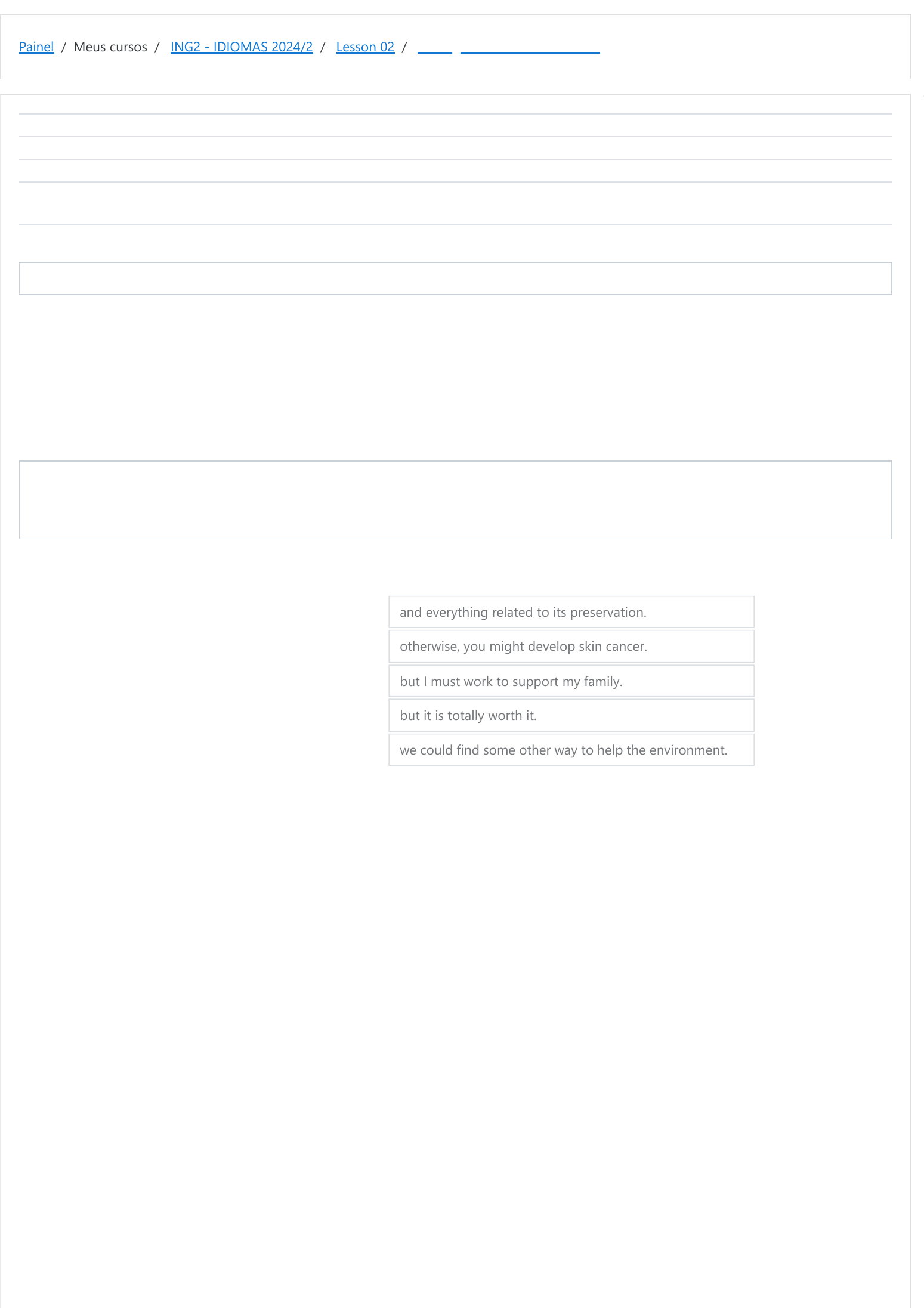 Painel / Meus cursos / ING2 - IDIOMAS 2024/2 / Lesson 02 / Linking Sentences with Modals Iniciado em segunda, 2 set 2024, 18:41 Estado Finalizada Concluída em segunda, 2 set 2024, 18:43 Tempo empregado 1 minuto 55 segundos Avaliar 10,00 de um máximo de 10,00(100%) Informação Questão 1 Correto Atingiu 5,00 de 5,00 In this lesson, you studied that Modal Verbs may indicate different things according to the speaker intention. Read the beginning of each sentence and link it with its ending. He is an environmentalist. He must like nature It might be better to avoid ultraviolet (UV) rays, I could be an environmental activist, You might find it very difficult to defend green positions, If our actions do not work, and everything related to its preservation. otherwise, you might develop skin cancer. but I must work to support my family. but it is totally worth it. we could find some other way to help the environment. A resposta correta é: He is an environmentalist. He must like nature → and everything related to its preservation., It might be better to avoid ultraviolet (UV) rays, → otherwise, you might develop skin cancer., I could be an environmental activist, → but I must work to support my family., You might find it very difficult to defend green positions, → but it is totally worth it., If our actions do not work, → we could find some other way to help the environment.. https://moodle.ifsul.edu.br/novohamburgo/my/ https://moodle.ifsul.edu.br/novohamburgo/course/view.php?id=371 https://moodle.ifsul.edu.br/novohamburgo/course/view.php?id=371#section-4 https://moodle.ifsul.edu.br/novohamburgo/mod/quiz/view.php?id=61231 Questão 2 Correto Atingiu 5,00 de 5,00 Our local supermarket stimulates people to take reusable bags - We should use recyclable materials, People must protect nature and help keep it safe, My friends and I use both sides of paper sheets, Deforestation can cause landslides this nice idea might change people's minds little by little. then not only we save money but also help the environment. they shouldn't ignore this issue. I believe everybody should do the same when using the printer. and people may get hurt. A resposta correta é: Our local supermarket stimulates people to take reusable bags - → this nice idea might change people's minds little by little., We should use recyclable materials, → then not only we save money but also help the environment., People must protect nature and help keep it safe, → they shouldn't ignore this issue., My friends and I use both sides of paper sheets, → I believe everybody should do the same when using the printer., Deforestation can cause landslides → and people may get hurt.. ◄ The Use of Modal Verbs Seguir para... Using Modals ► https://moodle.ifsul.edu.br/novohamburgo/mod/quiz/view.php?id=61230&forceview=1 https://moodle.ifsul.edu.br/novohamburgo/mod/quiz/view.php?id=61232&forceview=1
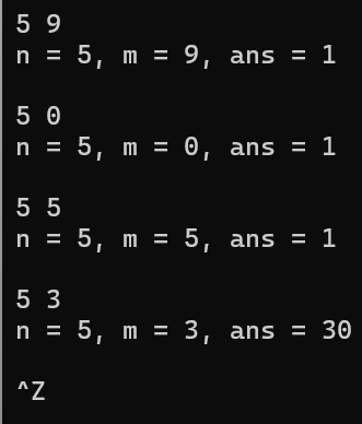 1 #include <stdio.h> 2 3 int func(int n, int m); 4 5 int main(){ 6 int n, m; 7 int ans; 8 9 while(scanf("%d%d", &n, &m) != EOF) { 10 ans = func(n, m); 11 printf("n = %d, m = %d, ans = %d\n\n", n, m, ans); 12 } 13 14 return 0; 15 } 16 17 int func(int n, int m){ 18 if (m == 0 || m == n) 19 return 1; 20 21 if (m > n - m) 22 return func(n, n - m); 23 24 return func(n - 1, m - 1) * n / m; 25 }
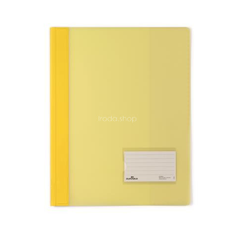 Gyorsfűző, A4, extra erős, széles, DURABLE, sárga Elegáns, áttetsző PVC gyorsfűző színes előlappal és hátlappal. -alkalmas a lyukasztott tasakok fűzésére az extra széles A4 formátumnak köszönhetően -rendkívül strapabíró, szakadásálló lefűzőszerkeze
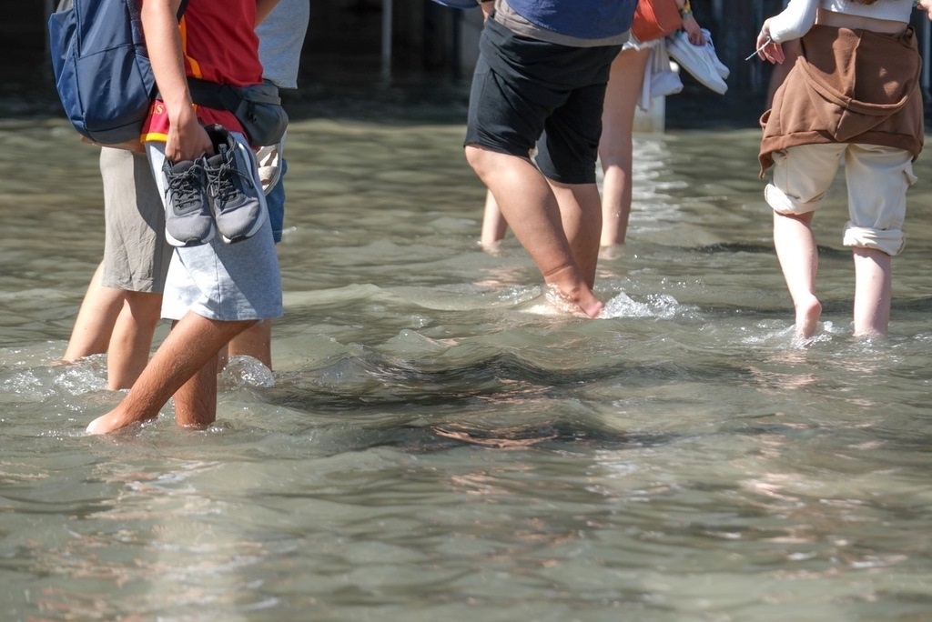 當(dāng)?shù)貢r(shí)間2023年8月6日,意大利威尼斯,城內(nèi)部分地區(qū)積水嚴(yán)重,游客光腳走在水中。
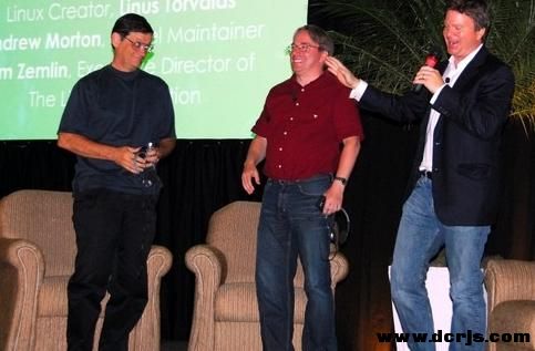 Jim 开场就问:不知道Linus和Andrew有没有想过Linux发展到今天会变得这么大?Linus的回答是没有;他说当初他写Linux只 是当 作一个短期的项目,并随时准备用更好的来替代的。因为当时还有GNU项目和很出色的BSD阵营,他认为一定会有其他人做出更强大更专业的内核来。同时,当 时他只是将Linux当做自己的一个小爱好而已。这时Andrew风趣的补充道:“但是,最后证明,没有人做的比Linux更好。我作为一个内核菜鸟(谦 虚的说法,事实上Andrew在这领域至少有10年了),虽然没有很长远的眼光,但是,我个人觉得Linux的发展确实很惊人。”
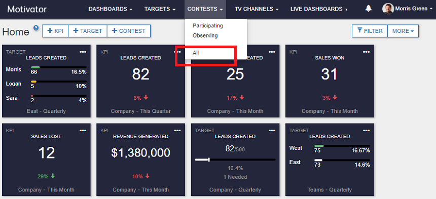 Motivator allows users to observe contests and get detailed information without participating in them. Observers cannot be added to a contest if everyone in the company is a participant.
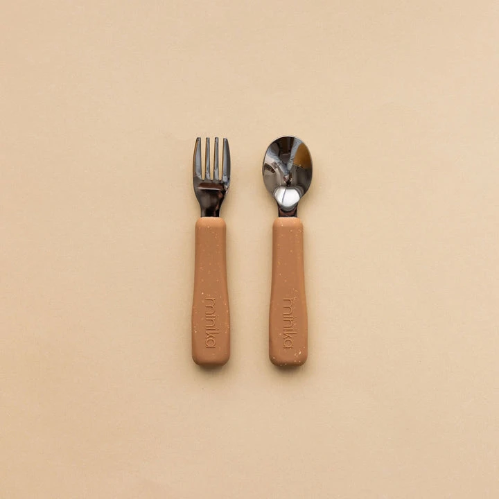 Ensemble de fourchette et cuillère avec poignée en silicone. Silicone alimentaire sans BPA, PVC, phtalates et sans plomb. Laver avec du savon et un chiffon mouillé ou au lave-vaisselle. Acier inoxydable. Poignée en silicone anti-dérapante.

□ □ □ □ □

▶ _Task goal_:
Begin the copy at the line containing "當(dāng)?shù)貢r" and end it at the final line of the material above, reproducing each line exactly and omitting pictures.

▶ _Expected output_:
 當(dāng)?shù)貢r(shí)間2023年8月6日,意大利威尼斯,城內(nèi)部分地區(qū)積水嚴(yán)重,游客光腳走在水中。
 Jim 开场就问:不知道Linus和Andrew有没有想过Linux发展到今天会变得这么大?Linus的回答是没有;他说当初他写Linux只 是当 作一个短期的项目,并随时准备用更好的来替代的。因为当时还有GNU项目和很出色的BSD阵营,他认为一定会有其他人做出更强大更专业的内核来。同时,当 时他只是将Linux当做自己的一个小爱好而已。这时Andrew风趣的补充道:“但是,最后证明,没有人做的比Linux更好。我作为一个内核菜鸟(谦 虚的说法,事实上Andrew在这领域至少有10年了),虽然没有很长远的眼光,但是,我个人觉得Linux的发展确实很惊人。”
 Motivator allows users to observe contests and get detailed information without participating in them. Observers cannot be added to a contest if everyone in the company is a participant.
 Ensemble de fourchette et cuillère avec poignée en silicone. Silicone alimentaire sans BPA, PVC, phtalates et sans plomb. Laver avec du savon et un chiffon mouillé ou au lave-vaisselle. Acier inoxydable. Poignée en silicone anti-dérapante.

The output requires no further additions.